Now of course it depends what you mean by violence-and several types of violence are well laid out in the WHO document (http://www.who.int/hiv/pub/sti/sex_worker_implementation/swit_chpt2.pdf) -what I understand by violence (and I believe most people would accept and understand by violence and comes under the WHO categories of Physical and Sexual Violence (see Box 2.1 of the document ) is Murder, Rape, bashings beatings threats of physical violence , attempted rape, strangulation, stabbing slashing being held against their will robbery (and refusal to pay), verbal abuse (and abusive texts)(these types of violence have been experienced by prostitutes surveyed in the UK, New Zealand and Australia .
These types of violence are rare, most client prostitute interactions pass off without violence but when violence does occur it is overwhelmingly perpetrated by clients and not the police. And the police are not specifically excluded from such surveys as Maggie has claimed before. ( so see for instance Seib 2007 Health, well being and sexual violence amongst female sex workers a comparative study)
It is precisely because clients can on occasion turn nasty that the Bedford vCanada action was brought to allow prostitutes to work together to improve their safety.
So to make the claim that most violence comes from the police some sort of equivalence is made (as Franciose says) between” simply being threatened with arrest and imprisonment for a consensual behavior is violence enough. Just because the violence is condoned by the law doesn’t make it less violent.” and the type of physical and sexual violence mentioned above.
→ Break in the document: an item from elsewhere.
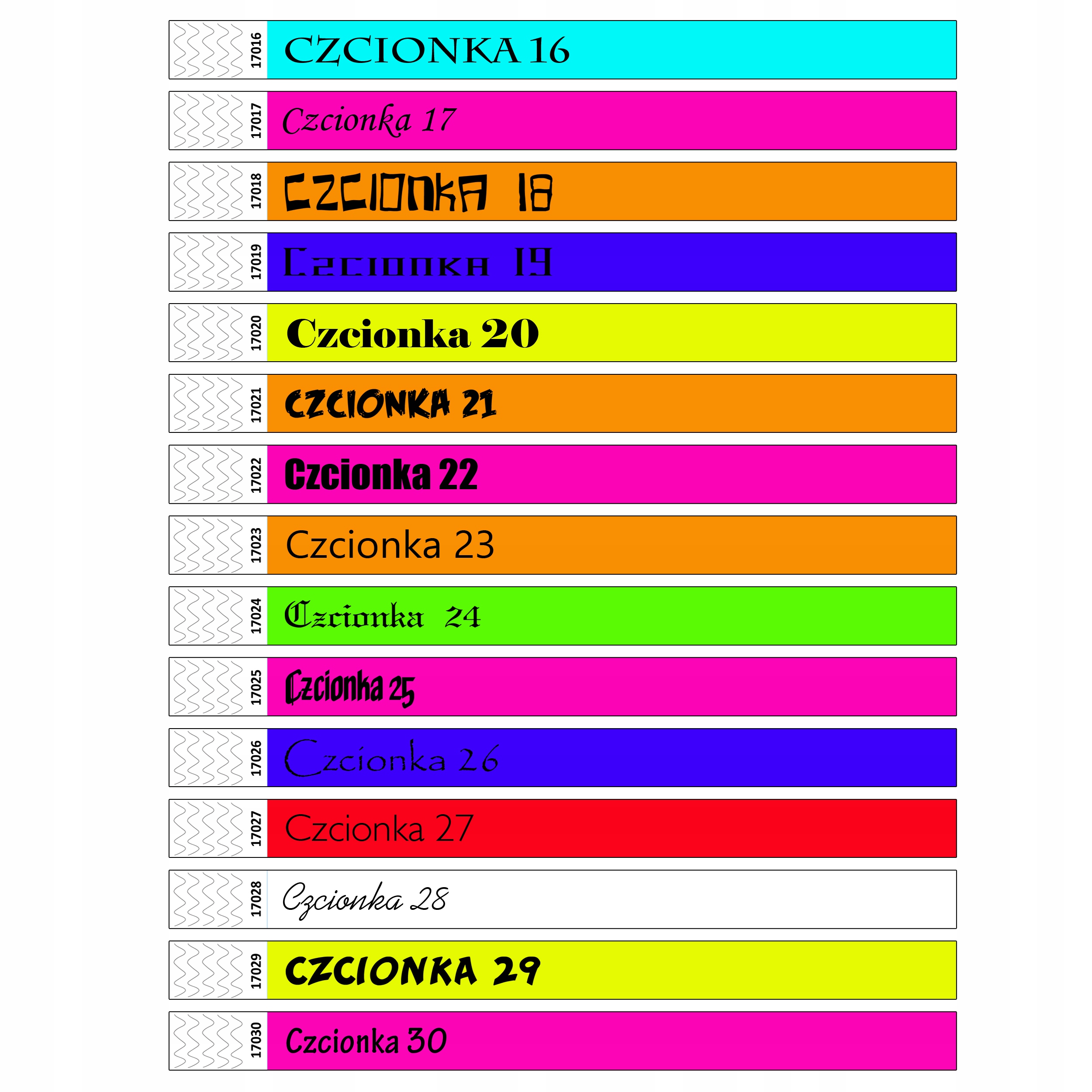 Z poniższych szablonów proszę wybrać czcionkę która Państwa interesuje. W wiadomości dla sprzedającego proszę napisać numer czcionki, kolor opasek oraz treść nadruku jaka ma być umieszczona na opaskach + ewentualne logo proszę przesłać na naszego maila.

Well sorry I don’t buy that as being equivalent-and I think most people hearing that “most violence is committed by the police” will understand that as equivalent either
So perhaps in future when making the claim of the relative proportion of police/client violence you should qualify it to say you are using violence in a very broad sense and not the sense that most people would understand it.
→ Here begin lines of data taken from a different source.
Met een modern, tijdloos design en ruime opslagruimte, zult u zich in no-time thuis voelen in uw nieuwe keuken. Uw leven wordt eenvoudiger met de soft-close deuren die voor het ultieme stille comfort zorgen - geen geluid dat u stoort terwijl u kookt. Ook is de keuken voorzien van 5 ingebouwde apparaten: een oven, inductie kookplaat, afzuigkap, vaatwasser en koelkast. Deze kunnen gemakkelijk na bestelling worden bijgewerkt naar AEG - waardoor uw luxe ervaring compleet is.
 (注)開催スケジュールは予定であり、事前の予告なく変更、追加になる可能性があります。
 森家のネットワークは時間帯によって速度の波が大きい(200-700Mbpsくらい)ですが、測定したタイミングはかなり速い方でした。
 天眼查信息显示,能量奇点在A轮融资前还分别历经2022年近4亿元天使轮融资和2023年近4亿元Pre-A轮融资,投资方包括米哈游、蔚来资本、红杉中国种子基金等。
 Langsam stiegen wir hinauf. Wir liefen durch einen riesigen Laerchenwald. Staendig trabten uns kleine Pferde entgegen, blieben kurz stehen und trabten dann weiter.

Goodbye, pig-lover; I hope you enjoyed your last word.
Maggie, clearly it’s fruitless to respond to Mr. Shields further, hence I’m responding to your response. Since it’s several days later I don’t expect a response to this, but if I don’t express my thoughts now, I shall feel like I’ve missed an opportunity.
Would it be wrong of me to suggest that this exchange (and the one from last December) would make for an interesting discussion in a further column (as opposed to comments threads), perhaps in a time down the road when Krulac is back? I’d be interested to hear what he (and some of the other regular commenters here) think.
I only suggest it because while I have no idea why Mr. Shields chose to be so stubborn about posting his ideas after being told quite clearly they were unwelcome here, I can’t help but feel he’s representative of a larger group, a group that might, *might* be made into allies. Blind spot or not, he did seem sincere (to me) in his declaration that he supports decriminalization, and unless I missed something I didn’t see anything in his writings here or back in December that expressed support for the powers that police currently hold. I can easily picture someone like Bill O’Reilly or Sean Hannity holding similar views. I suppose it’s a “with friends like these…” sort of thing, but again I’m reminded of the “golden bridge” that Ms. Vonk described many months ago.
Unless it’s gotten to the point where sex workers won’t be safe from violence from police, even with full decriminalization, unless police are gotten rid of altogether?
To be absolutely clear, I’m not telling you how to feel or think or what to do on your blog. I just wanted to say that while I don’t fully agree with Mr. Shields words and don’t approve of his actions here (and never did), I’m sorry, but this is a rare time when I don’t fully agree with you either, if only in terms of the response to him.